Transcribe, leaving out every picture, the lines that run from the start of the listing below through the line with "戏曲曲谱种地还难免擦伤皮肉(《高山下的花环》梁大娘唱段)".

(Beginning of Records)

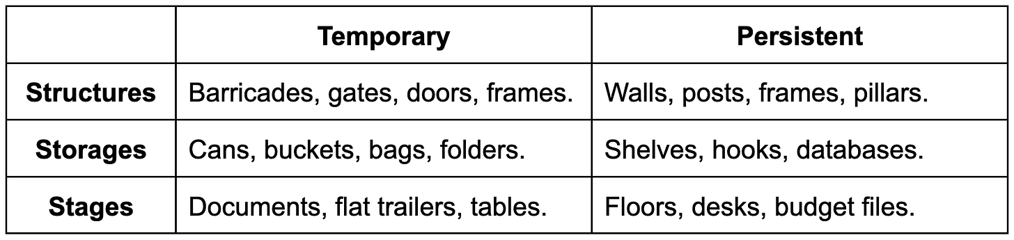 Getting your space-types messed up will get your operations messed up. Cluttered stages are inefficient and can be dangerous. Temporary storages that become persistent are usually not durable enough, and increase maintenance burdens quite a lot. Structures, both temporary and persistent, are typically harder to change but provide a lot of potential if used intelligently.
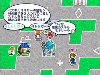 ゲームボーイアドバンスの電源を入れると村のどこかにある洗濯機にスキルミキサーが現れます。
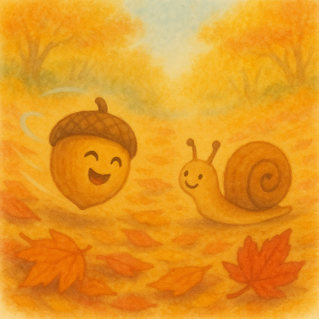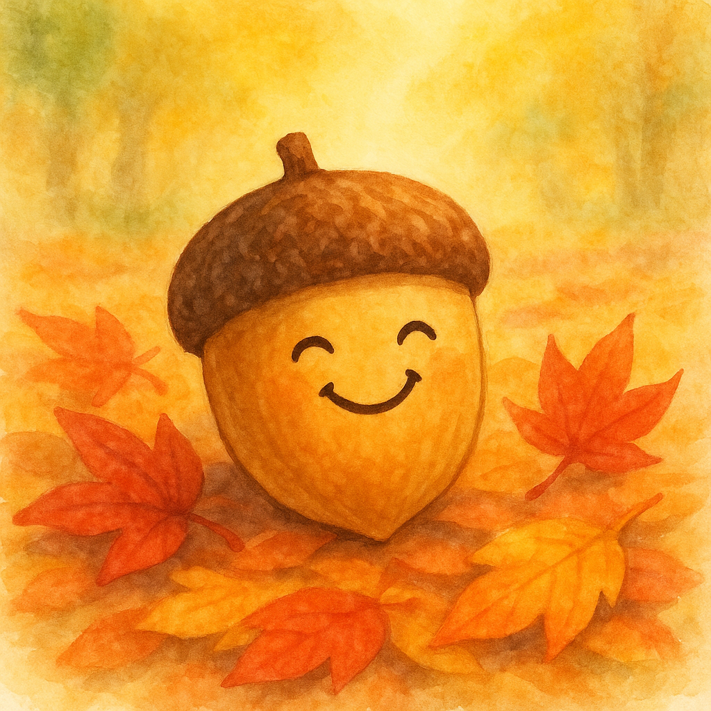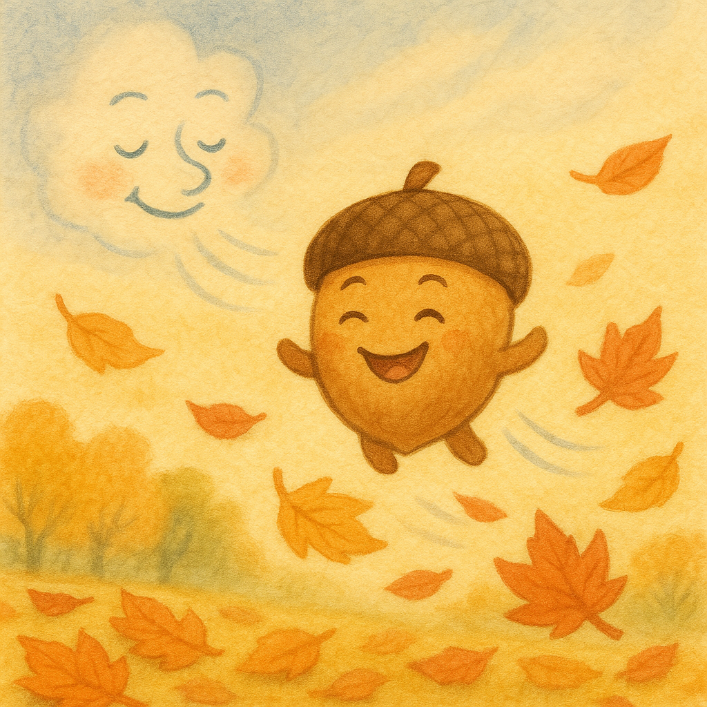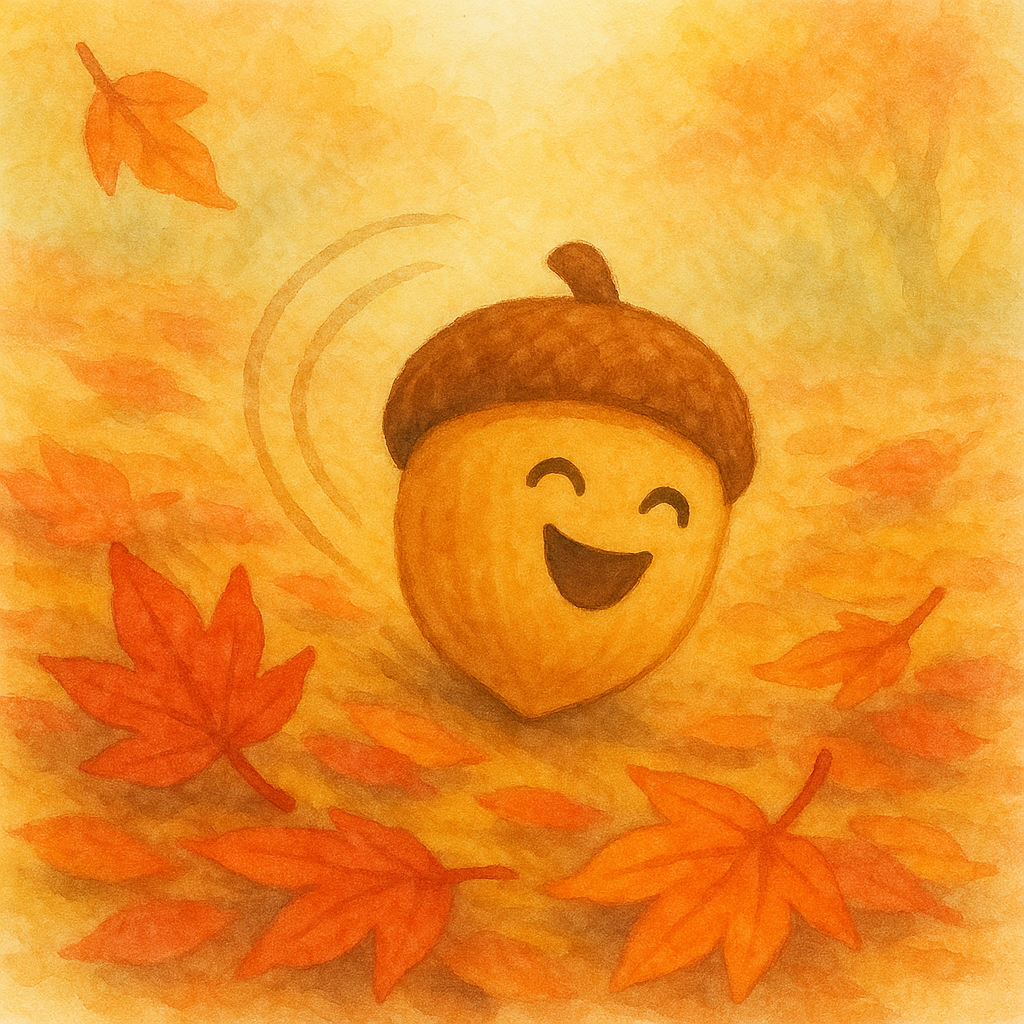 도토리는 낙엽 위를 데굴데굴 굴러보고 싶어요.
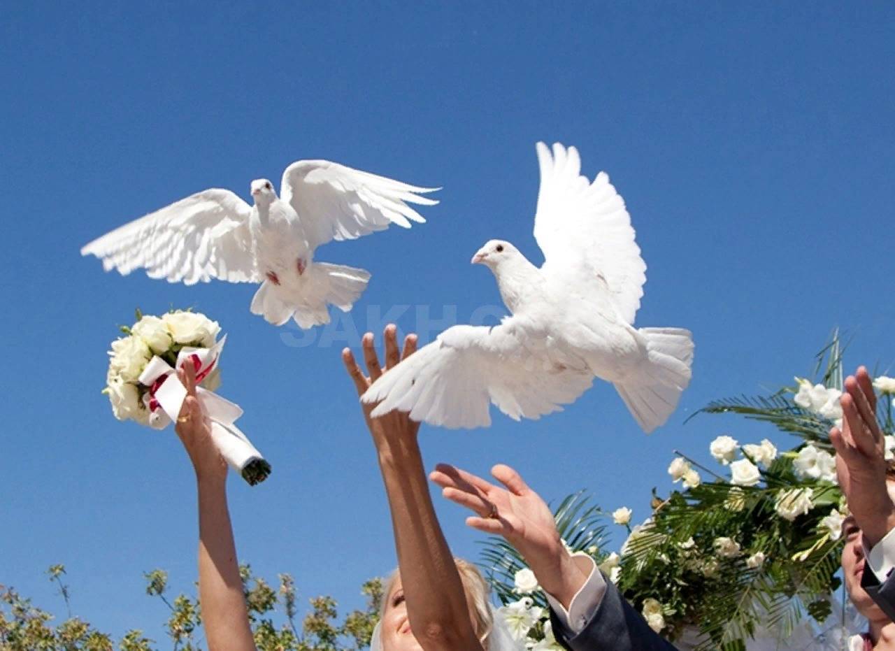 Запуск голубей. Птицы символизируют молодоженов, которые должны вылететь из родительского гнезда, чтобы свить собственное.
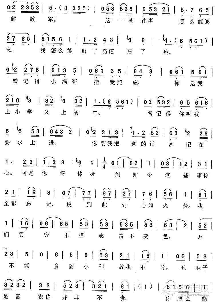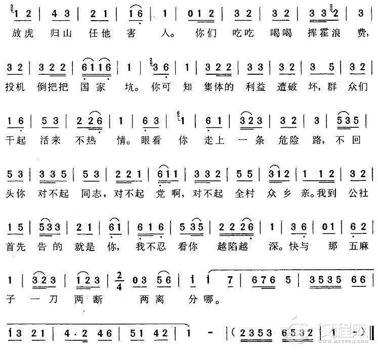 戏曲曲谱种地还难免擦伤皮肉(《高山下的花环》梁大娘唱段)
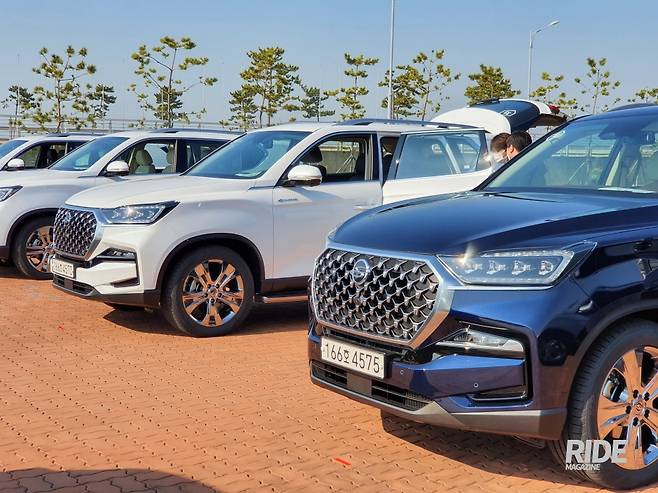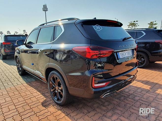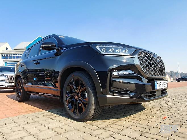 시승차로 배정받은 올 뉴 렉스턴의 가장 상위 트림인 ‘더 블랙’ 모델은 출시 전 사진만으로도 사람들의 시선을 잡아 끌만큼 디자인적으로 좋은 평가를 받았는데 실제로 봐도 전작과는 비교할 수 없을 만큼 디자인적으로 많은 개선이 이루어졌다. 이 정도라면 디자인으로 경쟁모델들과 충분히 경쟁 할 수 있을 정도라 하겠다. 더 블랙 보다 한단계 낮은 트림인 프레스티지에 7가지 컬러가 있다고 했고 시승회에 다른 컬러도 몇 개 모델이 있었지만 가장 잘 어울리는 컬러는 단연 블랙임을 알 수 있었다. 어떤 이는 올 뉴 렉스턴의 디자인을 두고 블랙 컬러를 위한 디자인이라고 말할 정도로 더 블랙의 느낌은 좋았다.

(End of Records)

§ Answer section:
 Getting your space-types messed up will get your operations messed up. Cluttered stages are inefficient and can be dangerous. Temporary storages that become persistent are usually not durable enough, and increase maintenance burdens quite a lot. Structures, both temporary and persistent, are typically harder to change but provide a lot of potential if used intelligently.
 ゲームボーイアドバンスの電源を入れると村のどこかにある洗濯機にスキルミキサーが現れます。
 도토리는 낙엽 위를 데굴데굴 굴러보고 싶어요.
 Запуск голубей. Птицы символизируют молодоженов, которые должны вылететь из родительского гнезда, чтобы свить собственное.
 戏曲曲谱种地还难免擦伤皮肉(《高山下的花环》梁大娘唱段)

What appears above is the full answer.